Activity - Once the pictures are set aside, transcribe each line of the data exactly.

Data -
● ● ● ● ● ● ●

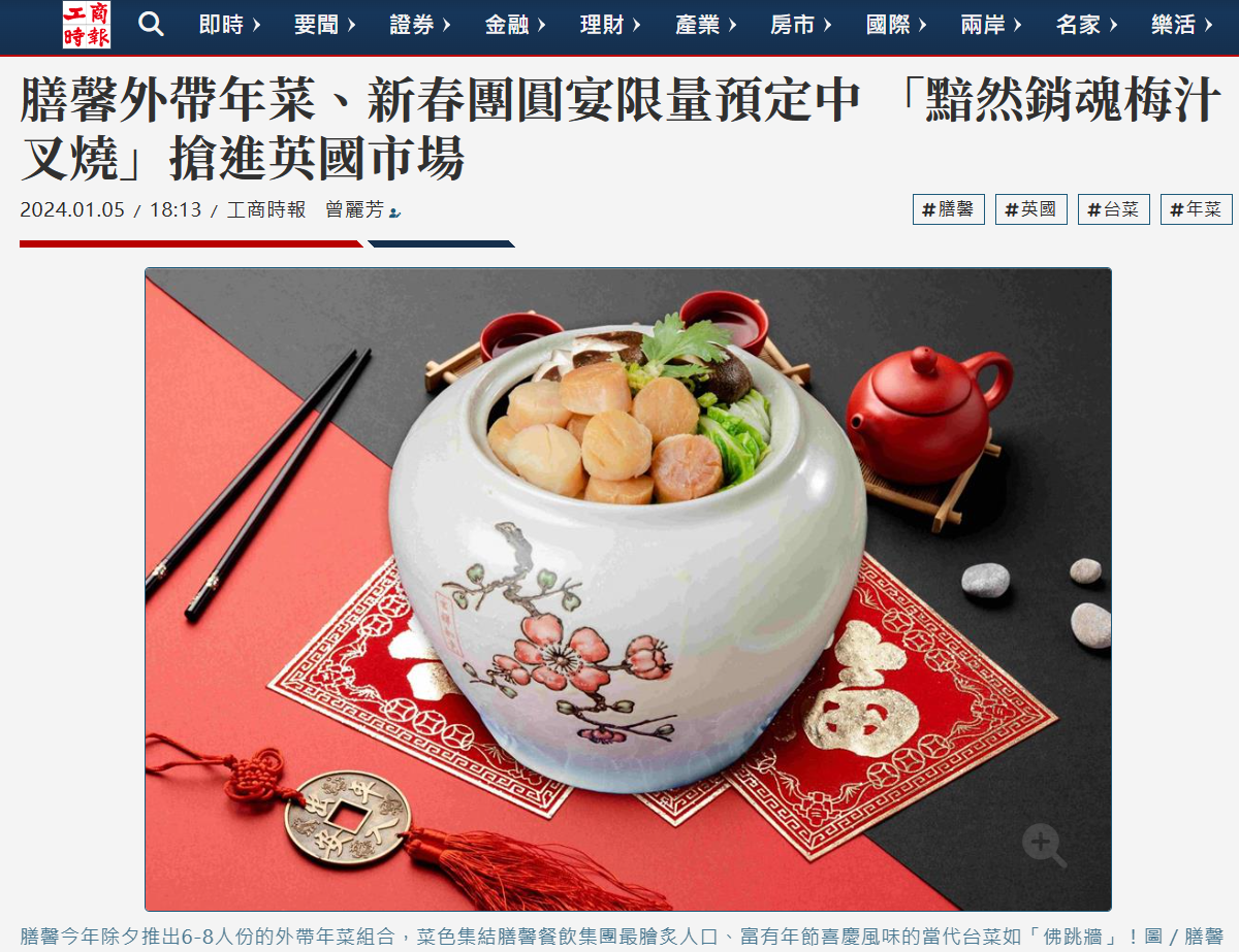 經濟日報|米其林台菜餐廳「膳馨」年菜開賣
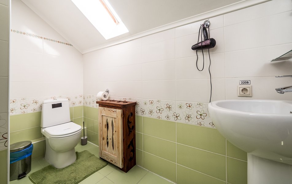Сан.узел: душ, раковина, унитаз, туалетные принадлежности, фен
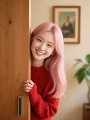 この作品は、まるで日常のワンシーンを切り取ったかのような「つまみ食いが見つかった瞬間」をテーマにしています。肩までまっすぐに流れる淡いピンク色の髪は、光の加減によって柔らかく輝き、彼女の表情にほんのりとした可憐さを添えています。スカイブルーのワンピースは、丸いネックラインによって優しい印象を強調し、ゆったりとした布の落ち感が自然な生活感を演出しています。 右手を口元に添えた仕草は、まさに「見つかっちゃった!」という瞬間を象徴しており、微笑みを半ば隠すことで、観る者に「彼女は何をつまみ食いしたのだろう?」と想像を膨らませる余地を残しています。背景のベージュのソファや白いクッション、緑の鉢植え、木製のサイドテーブル、額縁の絵、そしてクリーム色のカーテンまで、細部にわたって丁寧に配置することで、室内の温かみとリアリティを高めました。 技術的には、髪色の淡いピンクを自然光に馴染ませるために繊細なトーン調整を行い、肌の質感は柔らかさと透明感を両立させています。さらに、衣服の布地の質感や背景の木材の温もりをリアルに描き出すことで、フォトスタイルらしい「そこに彼女が本当に座っている」ような臨場感を追求しました。観る人が思わず微笑んでしまうような、日常の小さなドラマを切り取った一枚です。 --- This work, themed on the "moment when someone discovers she's been caught snacking," feels as if it were a snapshot of an everyday scene. Her pale pink hair, flowing straight down to her shoulders, shimmers softly in the light, adding a touch of delicate charm to her expression. The oversized sky blue dress's round neckline emphasizes a gentle impression, while the loose, flowing fabric creates a natural, everyday feel. Her right hand over her mouth symbolizes the exact moment she's been discovered, and her half-hidden smile leaves room for the viewer to imagine what she's been snacking on. Carefully arranged details in the background, such as the beige sofa, white cushions, green potted plants, wooden side table, framed picture, and cream-colored curtains, enhance the warmth and realism of the interior. Technically, delicate toning was used to blend the pale pink of her hair with the natural light, while her skin texture is both soft and translucent. Furthermore, by realistically depicting the texture of the fabric of the clothing and the warmth of the wood in the background, we pursued the sense of realism that is characteristic of Photo Style, making it seem as if "she is really sitting there." It is a photo that captures the small dramas of everyday life that will make the viewer smile unintentionally.

● ● ● ● ● ● ●

Completed exercise -
 經濟日報|米其林台菜餐廳「膳馨」年菜開賣
Сан.узел: душ, раковина, унитаз, туалетные принадлежности, фен
 この作品は、まるで日常のワンシーンを切り取ったかのような「つまみ食いが見つかった瞬間」をテーマにしています。肩までまっすぐに流れる淡いピンク色の髪は、光の加減によって柔らかく輝き、彼女の表情にほんのりとした可憐さを添えています。スカイブルーのワンピースは、丸いネックラインによって優しい印象を強調し、ゆったりとした布の落ち感が自然な生活感を演出しています。 右手を口元に添えた仕草は、まさに「見つかっちゃった!」という瞬間を象徴しており、微笑みを半ば隠すことで、観る者に「彼女は何をつまみ食いしたのだろう?」と想像を膨らませる余地を残しています。背景のベージュのソファや白いクッション、緑の鉢植え、木製のサイドテーブル、額縁の絵、そしてクリーム色のカーテンまで、細部にわたって丁寧に配置することで、室内の温かみとリアリティを高めました。 技術的には、髪色の淡いピンクを自然光に馴染ませるために繊細なトーン調整を行い、肌の質感は柔らかさと透明感を両立させています。さらに、衣服の布地の質感や背景の木材の温もりをリアルに描き出すことで、フォトスタイルらしい「そこに彼女が本当に座っている」ような臨場感を追求しました。観る人が思わず微笑んでしまうような、日常の小さなドラマを切り取った一枚です。 --- This work, themed on the "moment when someone discovers she's been caught snacking," feels as if it were a snapshot of an everyday scene. Her pale pink hair, flowing straight down to her shoulders, shimmers softly in the light, adding a touch of delicate charm to her expression. The oversized sky blue dress's round neckline emphasizes a gentle impression, while the loose, flowing fabric creates a natural, everyday feel. Her right hand over her mouth symbolizes the exact moment she's been discovered, and her half-hidden smile leaves room for the viewer to imagine what she's been snacking on. Carefully arranged details in the background, such as the beige sofa, white cushions, green potted plants, wooden side table, framed picture, and cream-colored curtains, enhance the warmth and realism of the interior. Technically, delicate toning was used to blend the pale pink of her hair with the natural light, while her skin texture is both soft and translucent. Furthermore, by realistically depicting the texture of the fabric of the clothing and the warmth of the wood in the background, we pursued the sense of realism that is characteristic of Photo Style, making it seem as if "she is really sitting there." It is a photo that captures the small dramas of everyday life that will make the viewer smile unintentionally.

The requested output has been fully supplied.